We didn’t talk any more about the meaning of my tears or loss/grief etc. I don’t know why but the sessions with this T just whizz by and I always end up feeling like I’ve not managed to talk about everything I’d like to – so I’m becoming quite picky about things I do talk about so as not to waste time or go down repetitive roads that I know are likely to be dead ends. This T is much more actively involved in helping me and therefore the old rambling around and around an endless variety of ever changing topics just isn’t useful here – I’m so much more into actually DOING something in sessions now that I consciously try and stop myself from my usual rambling around the houses. Not always successfully Roll Eyes.

The upside is that I feel like this therapy really is therapy, with specific goals, active exercises and activities and a structure that T brings to each session that despite sometimes feeling like I’m being railroaded into focusing on things I don’t always see as relevant in the moment, is actually exactly what I need.

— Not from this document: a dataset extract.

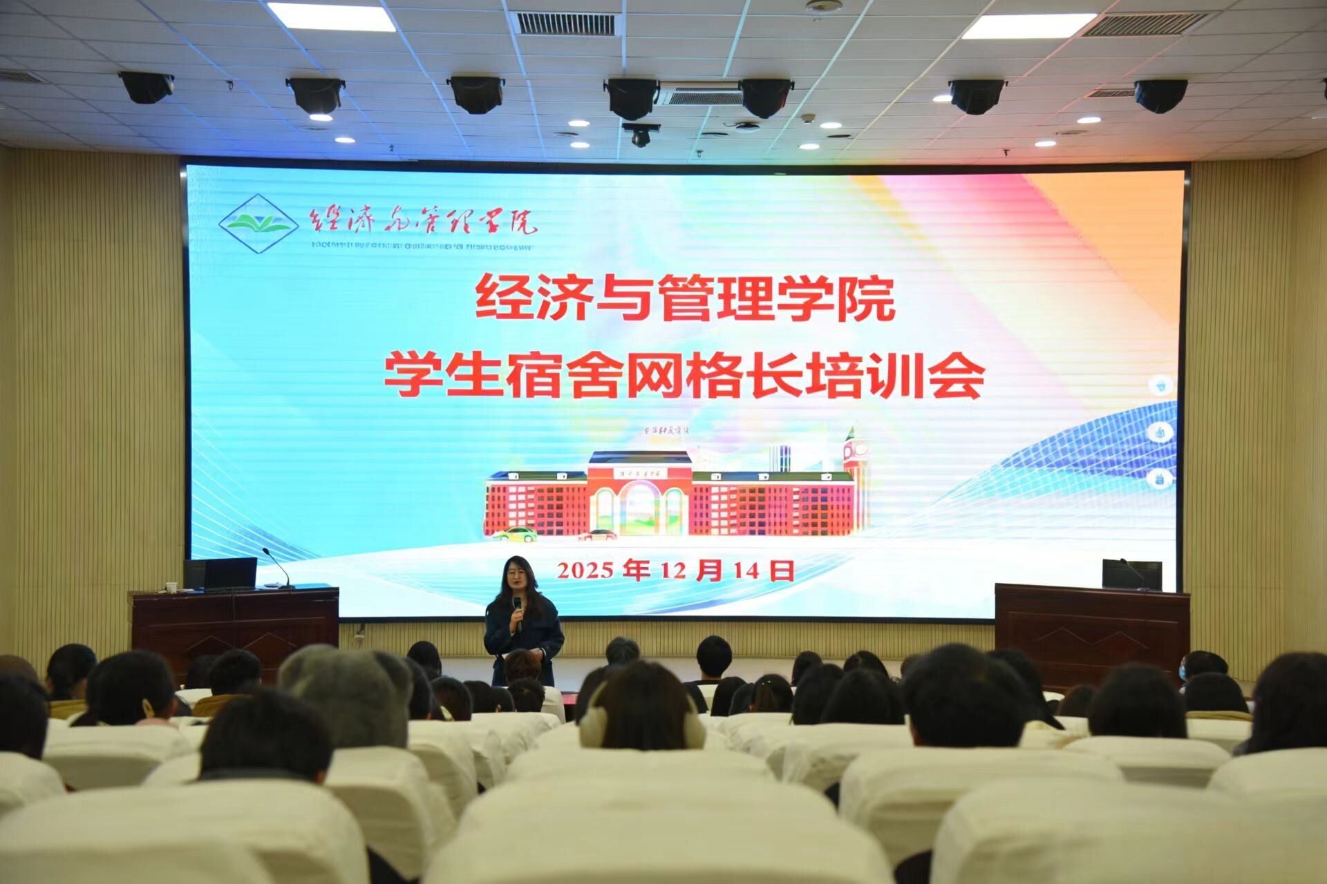 为深入落实学生管理精细化要求,提升宿舍网格化管理效能,12月14日下午,经济与管理学院在图书馆一楼报告厅举办宿舍网格长培训会议。校学生处副处长冯岩受邀为300余名宿舍网格长、网格员作专题培训。学院党委副书记吴丹主持会议。
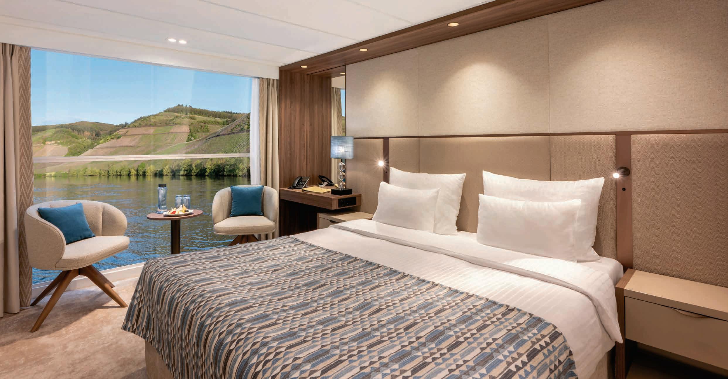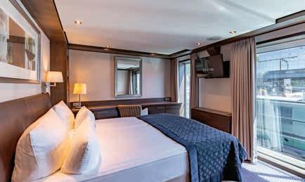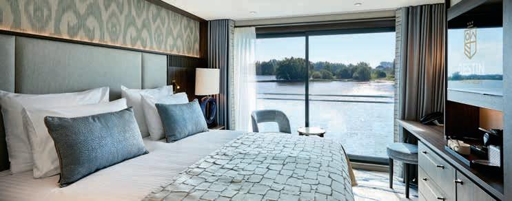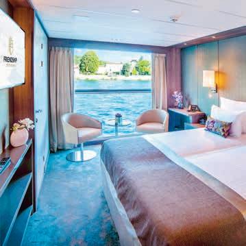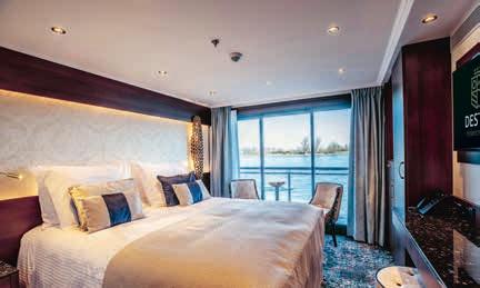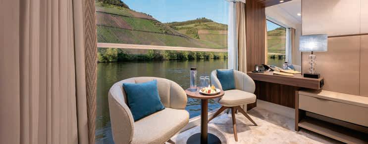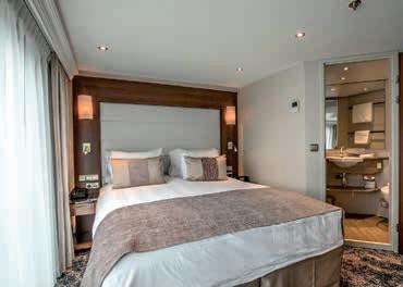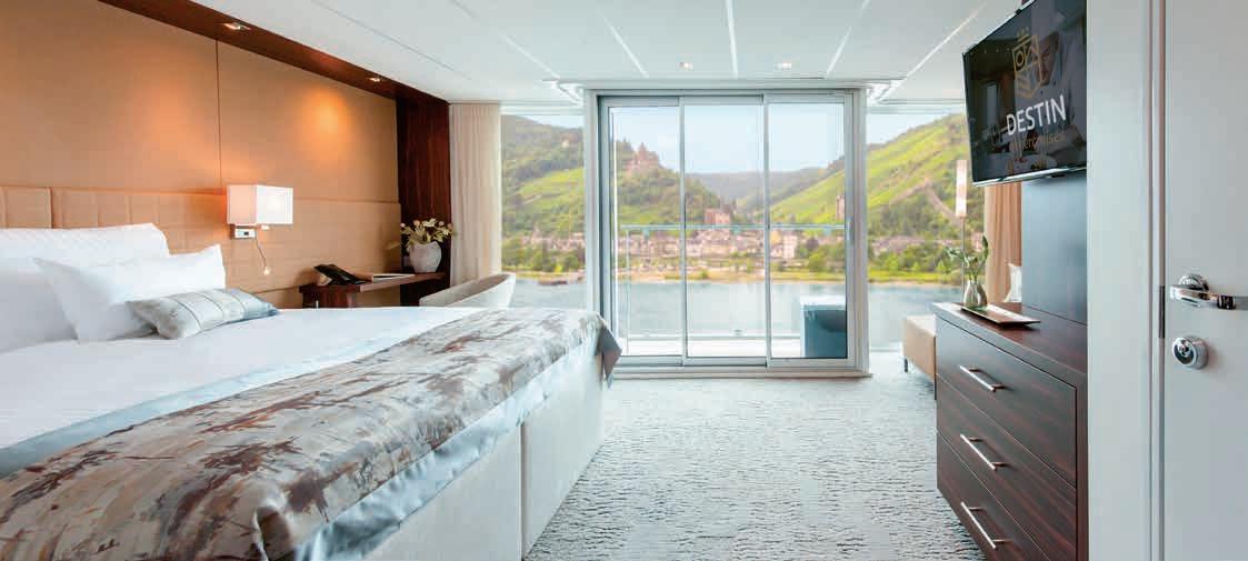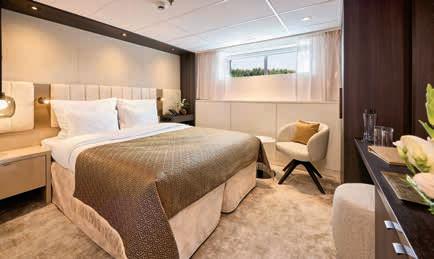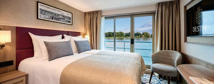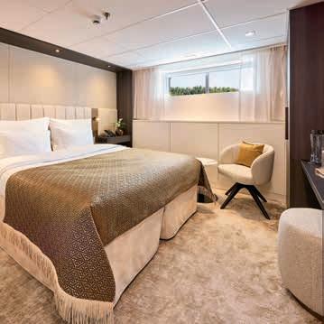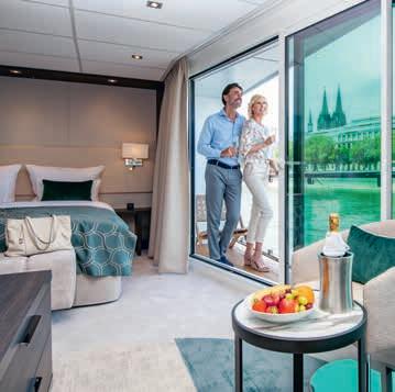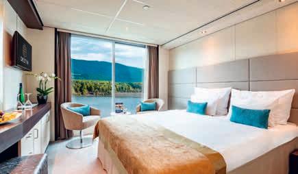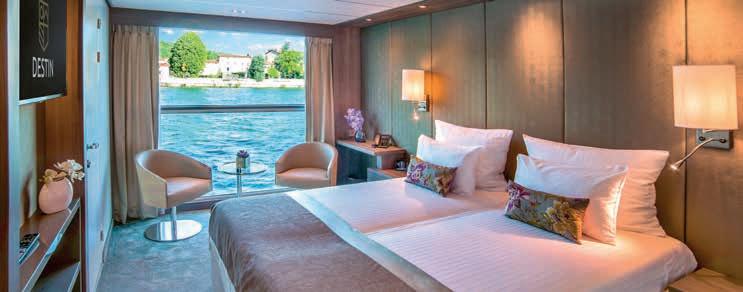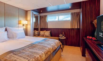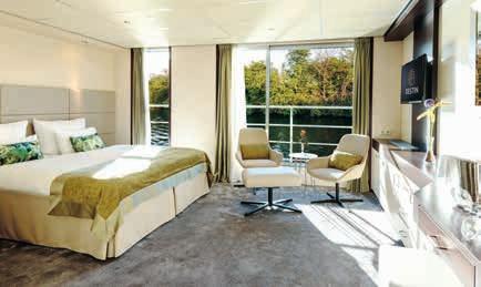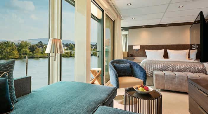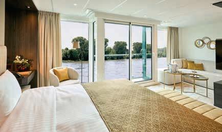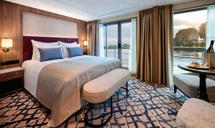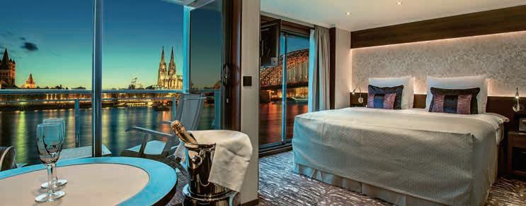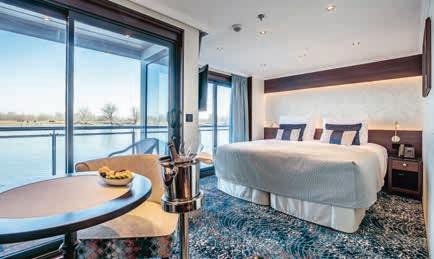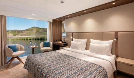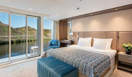 Aan boord van uw hotelschip verblijft u in stijlvolle Deluxe suites (31 m²), een rustgevende plek waar comfort, elegantie en verwennerij samenkomen. Elk van de 74 ruime suites beschikt over een ruim privébalkon met panoramisch uitzicht op de rivier. U geniet van persoonlijke service, verfijnde extra’s en exclusieve toegang tot lounges en restaurants.

Lol this has turned more into an update of my therapy generally than just about resolving the crap Monday session.

Anyway, that’s where I’m at currently. Only two more sessions before T takes a Christmas break, but that’s only for two weeks so not too big a deal. She says. Wink

LL
That's brilliant, LL - I'm so happy to hear it. A therapist who can see where she's gone wrong and apologise!! That is a real asset. And I love that both of you are bringing structure to the sessions by being so focused.

I know it can be frustrating to be all geared up for EMDR and then it doesn't happen. I know it was for me - it took quite a while to get to the point where we could actually do it. But at the same time, it's better if the therapist approaches it in a safe way. I'm glad she seems to be doing this.

Big hug LL - hope it continues to go well, but one thing now is at least you know a repair is possible. I'd also say - if you start to feel bad about this incident again, just bring it back to her - there may be more things you need to discuss there.